# Regresja Elastic Net - Elastic Net Regression

### Biblioteki

In [None]:
import os

from collections import defaultdict
from itertools import combinations

import numpy as np
import pandas as pd

from sklearn.preprocessing import scale 
from sklearn.model_selection import train_test_split
from sklearn.linear_model import ElasticNet
from sklearn import metrics

### Stałe

In [None]:
MIN_SIZE_PREDICTORS = 2
MAX_SIZE_PREDICTORS = 15

### Odczytanie danych

In [None]:
# Adres folderu, gdzie zapisano dane.
folder_data = "data"

X = pd.read_hdf(os.path.join(folder_data, "X.h5"), "data")
Y = pd.read_hdf(os.path.join(folder_data, "Y.h5"), "data")

### Loss function - R^2

In [None]:
def metric(Y, Y_pred):
    return metrics.r2_score(Y, Y_pred)

### Lista wyselekcjonowanych predykatorów

In [None]:
selected_predictors = [
    'f1', 'f15', 'f30', 'f45', 'f66', 'f134', 'f198', 
    'f202', 'f207', 'f208', 'f209', 'f211', 'f212', 'f213', 
    'f221', 'f259', 'f260', 'f267', 'f268', 'f275', 'f276', 
    'f280', 'f284', 'f288', 'f289', 'f290', 'f291', 'f292'
]
SELECTED_PREDICTORS = frozenset(selected_predictors)

### Dane predykatorów

In [None]:
SELECTED_X_DATA = X[SELECTED_PREDICTORS]

X_train, X_test , y_train, y_test = train_test_split(SELECTED_X_DATA, Y, test_size=0.3, random_state=1)

### Model

In [None]:
bestModels = {}
vector_combinations = {}
for i in range(MIN_SIZE_PREDICTORS, MAX_SIZE_PREDICTORS + 1):
    vector_combinations[i] = combinations(list(SELECTED_PREDICTORS), i)
    
    bestModels[i] = {}
    for combo in vector_combinations[i]:
        predictors = list(combo)

        # Definiujemy model.
        model = ElasticNet(normalize = True)

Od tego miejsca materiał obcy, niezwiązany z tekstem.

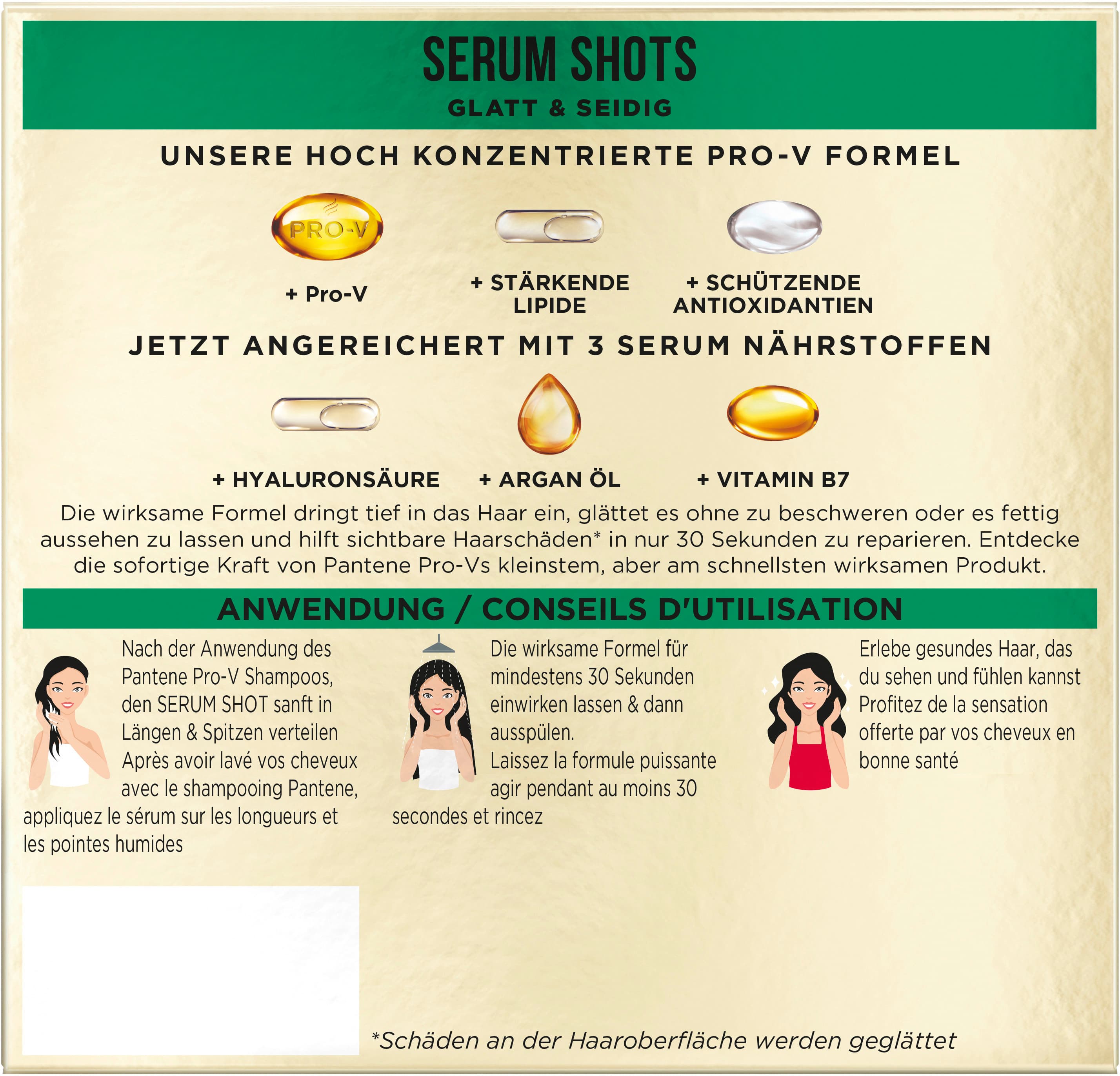 | Anwendungshinweis | Nach der Anwendung des Pantene Pro-V Shampoos, den SERUM SHOT sanft in Längen & Spitzen verteilen. Die wirksame Formel für mindestens 30 Sekunden einwirken lassen & dann ausspülen. Erlebe gesundes Haar, das du sehen und fühlen kannst. |

        # Dopasowujemy model do danych treningowych.
        model.fit(X_train[predictors], y_train)

        # Obliczanie wartości R2.
        score = np.round(model.score(X_test[predictors], y_test), 2)
        
        # Predykcja.
        y_pred = model.predict(X_test[predictors])

        # Obliczanie błędu
        loss_value = metric(y_test, y_pred)

        entry = {
          'predictors': predictors,
          'model': model, 
          'score': score, 
          'loss_value': loss_value
          }

        if not bestModels[i]:
            bestModels[i] = entry
        elif bestModels[i]['loss_value'] < loss_value:
            bestModels[i] = entry

In [None]:
bestModels